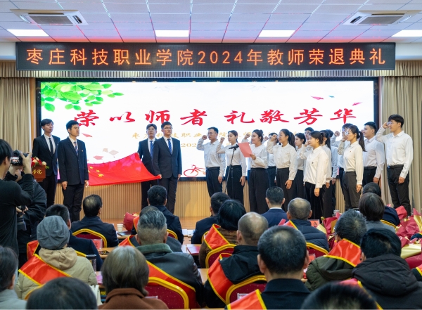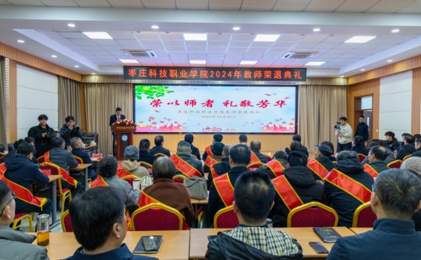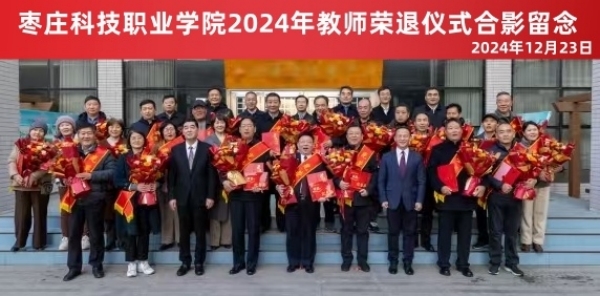 12月23日下午,枣庄科技职业学院在附楼多功能报告厅隆重举行2024年教师荣退典礼,以“荣以师者,礼敬芳华”为主题,向退休的教师们致以最崇高的敬意和祝福。学校党委领导班子成员,各处室负责人,各二级学院院长、党总支书记,枣庄工程技师学院、职教中心学校院(校)长、书记,2024年新入职的教师参加荣退典礼。典礼由党委副书记、院长闵祥寨主持。
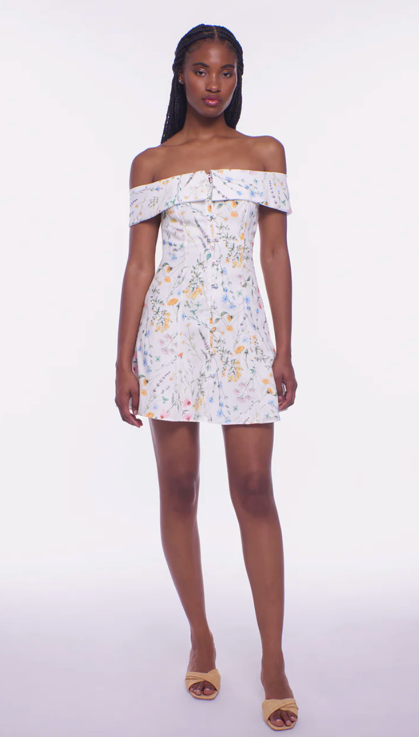 Softly structured and endlessly feminine, the Adeline Dress is reimagined in our Wildflower print, a dainty floral that feels light and romantic. Designed with an elegant off the shoulder neckline and a graceful row of covered buttons, the silhouette gently skims the body for a flattering, polished fit. The delicate floral adds a fresh, spring ready charm while the clean lines keep it refined and effortless. Perfect for brunch dates, garden parties, and everything in between, Adeline is the kind of piece that feels both timeless and unforgettable.
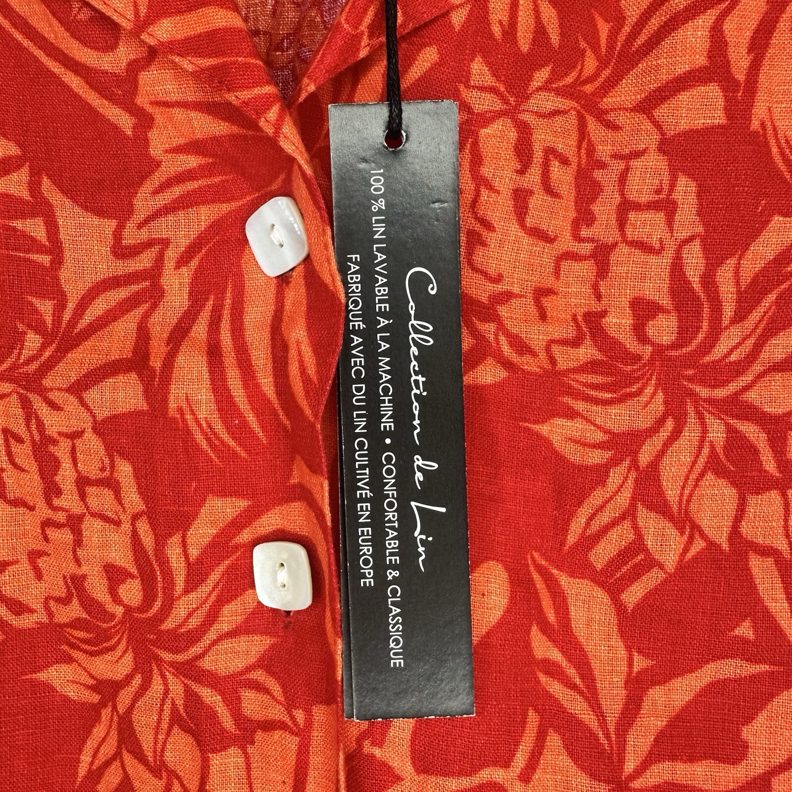 This top is absolutely gorgeous! The linen fabric is lightweight and breathable, perfect for summer. The floral print in red and orange is vibrant and eye-catching. The fit is true to size, and the collared neckline adds a polished touch. Great for dressing up or down—so versatile! Fast shipping and excellent seller communication make this a fantastic purchase. Highly recommend!
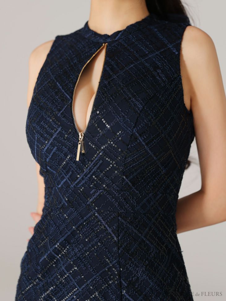ジップからチラ魅えする谷間がセクシー☆ [DEA.byROBEdeFLEURS/ディアバイローブドフルール] 高級チェック柄ノースリーブジップマーメイドフリルロングテールドレス
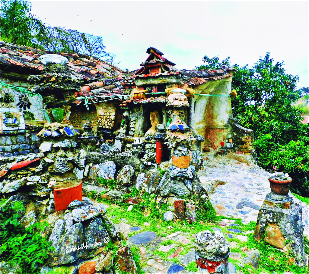 Objetos descartados também foram usados, como lâmpadas queimadas, conchas, correntes, tampas de metal, manilhas e faróis de automóveis. Aos poucos foram formadas flores, folhas, cachos de uvas, colunas e escultura formando mosaicos. A obra pode ser incluída entre os artistas/arquitetos como Ferdinand Cheval, na França; Antoni Gaudi, em Barcelona; Antônio Virzi, no Rio de Janeiro, com arquitetura orgânica e surreal.
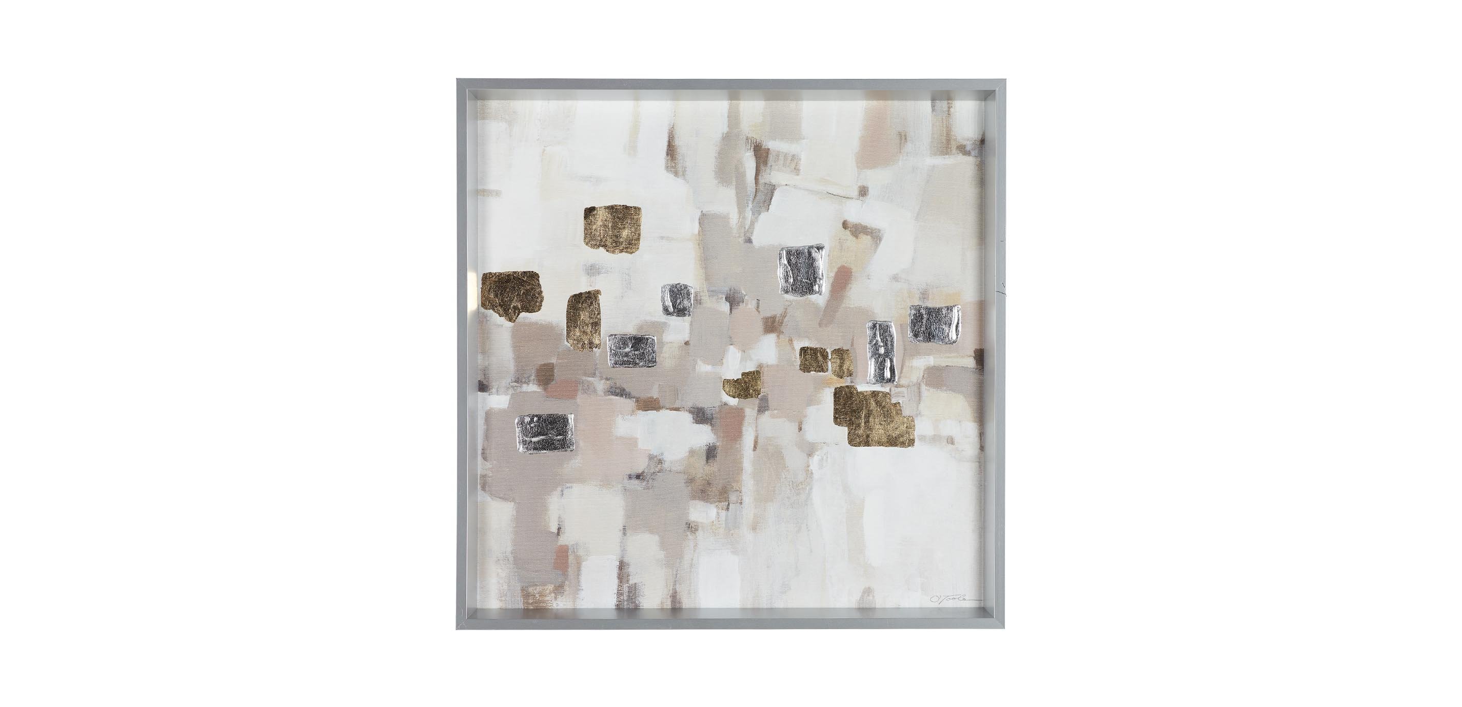 Like a view of the city through fog and rain-speckled glass. A neutral palette draws the eye in—you can almost make out the buildings in the distance—while speckles of gold and silver leaf evoke distant twinkling lights along the skyline.
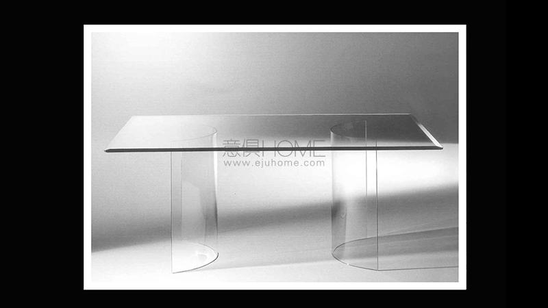 Dining table collection with base in curved glass 12 mm thick. Glass top 12 mm thick with 45° bevel.
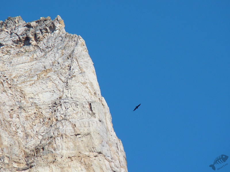 De volgende dag hebben we een wandeling gemaakt een heuvel op, waarbij ik de gelegenheid kreeg een aantal foto’s van vogels te maken. Uiteraard waren dit allemaal nieuwe onbekende soorten voor me, maar de Chileense Kievit leek nog een beetje bekend. Toen we hoger op een heuvel waren en ik opkeek naar een berg, zweefde hij voorbij: El Cóndor! Hij zat hoog, op grote afstand, maar was duidelijk herkenbaar aan zijn witte kraag. In een stuk in een reisblad, waaruit we het idee hadden gekregen om naar deze estancia te gaan, stond geschreven dat de eigenaar van de estancia aan een gast had gevraagd of ze de Condor gezien hadden en dat de gast antwoorde: “jawel 2”, waarop de eigenaar goedkeurend had gemompeld: “dat is mooi”. De Condor moest hier dus voorkomen en uit het stuk bleek dat het beter met ze ging, dus onze waarneming leek dat te bevestigen.

◆ ◆ ◆

→ **Task to complete**
Using the data above, output the line that has "Softly structured and", the line that has "Dining table collection", and whatever lines fall between, each exactly as it stands and without pictures.

→ **Output for this task**
 Softly structured and endlessly feminine, the Adeline Dress is reimagined in our Wildflower print, a dainty floral that feels light and romantic. Designed with an elegant off the shoulder neckline and a graceful row of covered buttons, the silhouette gently skims the body for a flattering, polished fit. The delicate floral adds a fresh, spring ready charm while the clean lines keep it refined and effortless. Perfect for brunch dates, garden parties, and everything in between, Adeline is the kind of piece that feels both timeless and unforgettable.
 This top is absolutely gorgeous! The linen fabric is lightweight and breathable, perfect for summer. The floral print in red and orange is vibrant and eye-catching. The fit is true to size, and the collared neckline adds a polished touch. Great for dressing up or down—so versatile! Fast shipping and excellent seller communication make this a fantastic purchase. Highly recommend!
ジップからチラ魅えする谷間がセクシー☆ [DEA.byROBEdeFLEURS/ディアバイローブドフルール] 高級チェック柄ノースリーブジップマーメイドフリルロングテールドレス
 Objetos descartados também foram usados, como lâmpadas queimadas, conchas, correntes, tampas de metal, manilhas e faróis de automóveis. Aos poucos foram formadas flores, folhas, cachos de uvas, colunas e escultura formando mosaicos. A obra pode ser incluída entre os artistas/arquitetos como Ferdinand Cheval, na França; Antoni Gaudi, em Barcelona; Antônio Virzi, no Rio de Janeiro, com arquitetura orgânica e surreal.
 Like a view of the city through fog and rain-speckled glass. A neutral palette draws the eye in—you can almost make out the buildings in the distance—while speckles of gold and silver leaf evoke distant twinkling lights along the skyline.
 Dining table collection with base in curved glass 12 mm thick. Glass top 12 mm thick with 45° bevel.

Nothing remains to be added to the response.